Birx likely stayed quiet out of self-preservation, and even that might not have been enough. Axios on Tuesday quoted a White House official as saying Fauci and Birx will “take a back seat to the forward-looking, ‘what’s next’ message.”

That existing tension between political and medical messages will only become more pronounced as the “reopen” debate continues. That’s because, ultimately, society’s reopening will be driven by how comfortable people feel circulating in public places again. Who they listen to will be key to deciding their comfort level.

– Susan Benkelman, API

. . . technology

  • The IFCN and Facebook are distributing another $300,000 in Coronavirus Fact-Checking Grants to support eight projects in Australia, France, Indonesia, Canada, Jordan, Kenya, Taiwan and Ukraine.
  • YouTube announced Tuesday it is partnering with the IFCN to distribute $1 million in Fact-Checking Development Grants. Applications with detailed eligibility and selection criteria will be announced May 20, and the winners will be announced in August.
  • A GIF of Joe Biden with his tongue out was widely circulated on social media recently as a deepfake, but it was not one – despite tweets to the contrary, Vice News reported.
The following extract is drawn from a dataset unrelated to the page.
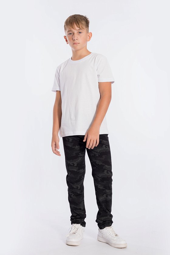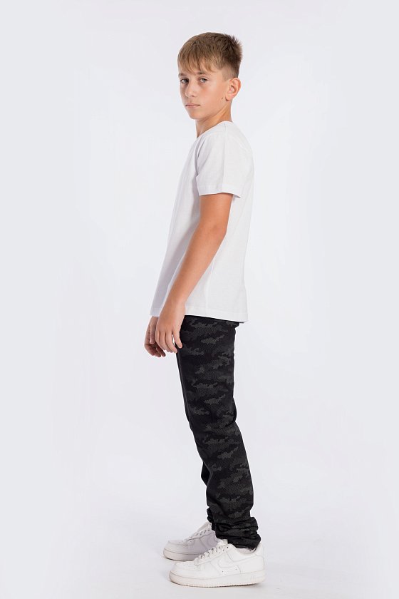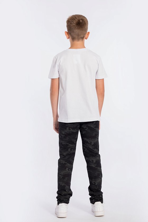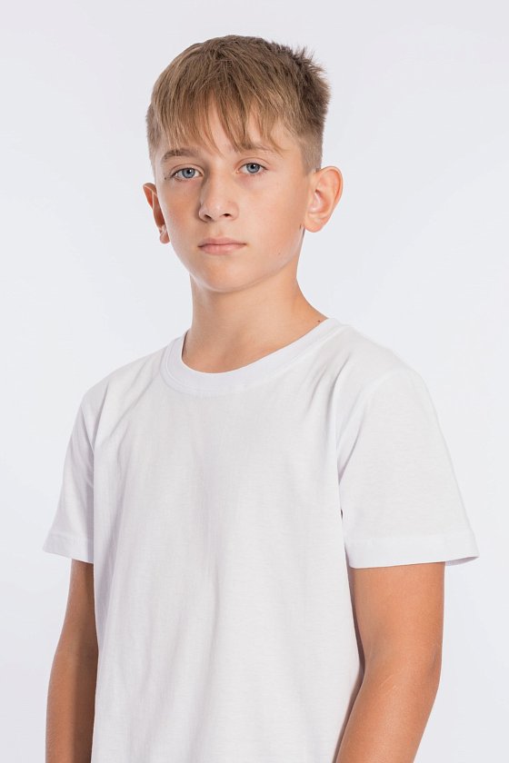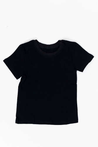 Футболка выполнена из хлопкового полотна, с коротким рукавом и круглым вырезом горловины.

It was made with an animation app called Mug Life. “It’s a video editing job that a six year old with an iPhone could do,” wrote Samantha Cole.
    • It may not have been a deepfake, but it went viral. The GIF gained traction on Twitter when President Trump retweeted it on Sunday.

. . . politics

  • People who see headlines paired with alerts about their credibility from fact-checkers, the public, news media and even artificial intelligence can reduce users’ intention to share them, according to a new study by professors at New York University and Indiana University. However the alerts’ effectiveness varied according to political orientation and gender, Science Daily reported.
    • The indicators had an impact on everyone regardless of political orientation, but Democrats were less likely to share content flagged as false than were independents or Republicans. The study surveyed 1,500 U.S. news consumers.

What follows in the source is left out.